***** RECORDS SHOWN

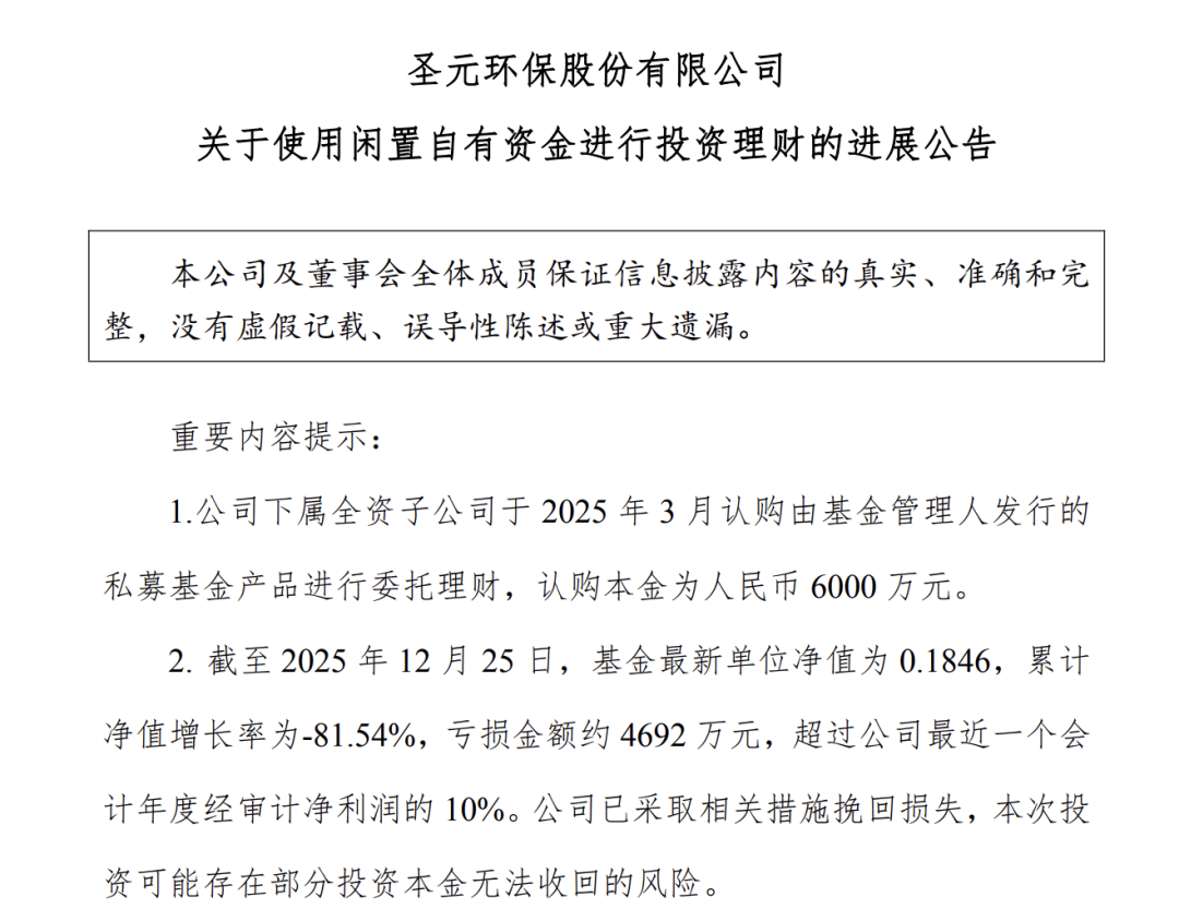 12月26日,圣元环保发布公告称,公司下属全资子公司于2025年3月认购由基金管理人发行的私募基金 产品进行委托理财,认购本金为人民币6000万元。 然而,截至2025年12月25日,上述基金最新单位净值为0.1846,累计净值增长率为-81.54%,亏损金额 约4692万元。 长江商报记者发现,2025年12月4日至2025年12月11日,圣元环保所购私募基金净值在短短7天里"缩 水"约72%。 圣元环保表示,公司已采取相关措施挽回损失,本次投资可能存在部分投资本金无法收回的风险。公司 同时向公安机关报警并已被受理,同时向中国证监会深圳监管局举报并收到材料接收证明。 长江商报消息 ●长江商报记者 黄聪 本想靠购买私募基金理财获得利润,没想到亏得血本无归,圣元环保(300867.SZ)遇到了"糟心事"。 基金累计净值增长率为-81.54% 12月26日,圣元环保发布公告称,公司下属全资子公司于2025年3月认购由基金管理人发行的私募基金 产品进行委托理财,认购本金为人民币6000万元。 截至2025年12月25日,基金最新单位净值为0.1846,累计净值增长率为-81.54%,亏损金额约4692万 元,超过圣 ...
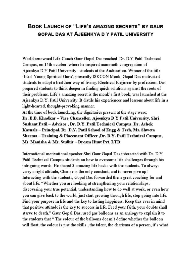 So whether you are looking at strengthening your relationships discovering your true potential understanding how to do well at work or even how you can give back to the world Gaur Gopal Das. Once Sir Winston Churchill was invited to give a talk and when he came in the stage the person who was meant to introduce him introduced him. BOOK LAUNCH OF LIFES AMAZING SECRETS BY GAUR GOPAL DAS AT AJEENKYA D Y PATIL UNIVERSITY.
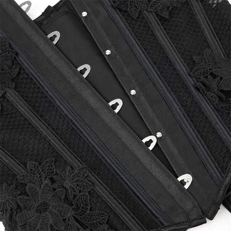 Ce corset en dentelle noire allie transparence et élégance dans un subtil jeu de contrastes. La résine translucide, délicatement recouverte de motifs floraux brodés, offre une touche de mystère tout en apportant plus de couvrance.
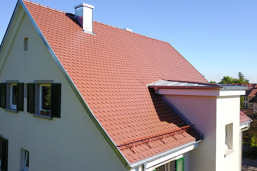 Kann hervorragende Dachdämmung gut aussehen? Wir sind überzeugt: Das geht. Bei der Sanierung dieses Hauses haben wir zwei Dämmebenen optisch ansprechend so kombiniert, dass wir den geforderten Dämmwert noch um 46 Prozent unterschreiten konnten. Der U-Wert liegt bei lediglich 0,128 W/m²K. Das rechnet sich doppelt: Der Besitzer konnte sich die begehrte KfW-Förderung sichern und spart nun kräftig Heizkosten.
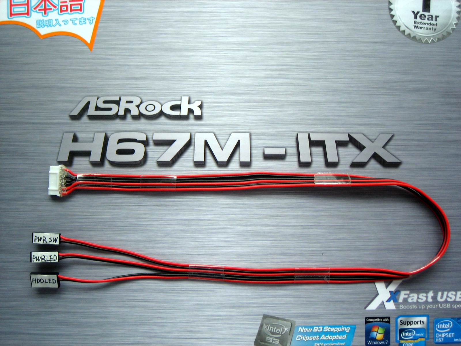 ASRock H67M-ITXマザーの電源は、20ピンでも動くようですが、安定動作を確保するために 20ピン ⇒ 24ピン の変換ケーブルを使います。 |
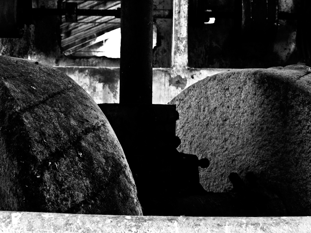 Il bianco in basso disturba un po', i neri li trovo molto chiusi e privi di dettaglio. L'elemento fondamentale, cioè la macina, si perde tra il nero e il bianco; oltretutto il taglio non credo vada bene, avresti potuto pensare un'inquadratura più ampia, per riprendere l'intera macina, oppure si poteva scegliere un dettaglio ma che fosse molto più curato e soprattutto significativo.

**********

# EXERCISE GOAL
Please transcribe each line above exactly, but leave the images out.

# SOLUTION BELOW
 12月26日,圣元环保发布公告称,公司下属全资子公司于2025年3月认购由基金管理人发行的私募基金 产品进行委托理财,认购本金为人民币6000万元。 然而,截至2025年12月25日,上述基金最新单位净值为0.1846,累计净值增长率为-81.54%,亏损金额 约4692万元。 长江商报记者发现,2025年12月4日至2025年12月11日,圣元环保所购私募基金净值在短短7天里"缩 水"约72%。 圣元环保表示,公司已采取相关措施挽回损失,本次投资可能存在部分投资本金无法收回的风险。公司 同时向公安机关报警并已被受理,同时向中国证监会深圳监管局举报并收到材料接收证明。 长江商报消息 ●长江商报记者 黄聪 本想靠购买私募基金理财获得利润,没想到亏得血本无归,圣元环保(300867.SZ)遇到了"糟心事"。 基金累计净值增长率为-81.54% 12月26日,圣元环保发布公告称,公司下属全资子公司于2025年3月认购由基金管理人发行的私募基金 产品进行委托理财,认购本金为人民币6000万元。 截至2025年12月25日,基金最新单位净值为0.1846,累计净值增长率为-81.54%,亏损金额约4692万 元,超过圣 ...
 So whether you are looking at strengthening your relationships discovering your true potential understanding how to do well at work or even how you can give back to the world Gaur Gopal Das. Once Sir Winston Churchill was invited to give a talk and when he came in the stage the person who was meant to introduce him introduced him. BOOK LAUNCH OF LIFES AMAZING SECRETS BY GAUR GOPAL DAS AT AJEENKYA D Y PATIL UNIVERSITY.
 Ce corset en dentelle noire allie transparence et élégance dans un subtil jeu de contrastes. La résine translucide, délicatement recouverte de motifs floraux brodés, offre une touche de mystère tout en apportant plus de couvrance.
 Kann hervorragende Dachdämmung gut aussehen? Wir sind überzeugt: Das geht. Bei der Sanierung dieses Hauses haben wir zwei Dämmebenen optisch ansprechend so kombiniert, dass wir den geforderten Dämmwert noch um 46 Prozent unterschreiten konnten. Der U-Wert liegt bei lediglich 0,128 W/m²K. Das rechnet sich doppelt: Der Besitzer konnte sich die begehrte KfW-Förderung sichern und spart nun kräftig Heizkosten.
 ASRock H67M-ITXマザーの電源は、20ピンでも動くようですが、安定動作を確保するために 20ピン ⇒ 24ピン の変換ケーブルを使います。 |
 Il bianco in basso disturba un po', i neri li trovo molto chiusi e privi di dettaglio. L'elemento fondamentale, cioè la macina, si perde tra il nero e il bianco; oltretutto il taglio non credo vada bene, avresti potuto pensare un'inquadratura più ampia, per riprendere l'intera macina, oppure si poteva scegliere un dettaglio ma che fosse molto più curato e soprattutto significativo.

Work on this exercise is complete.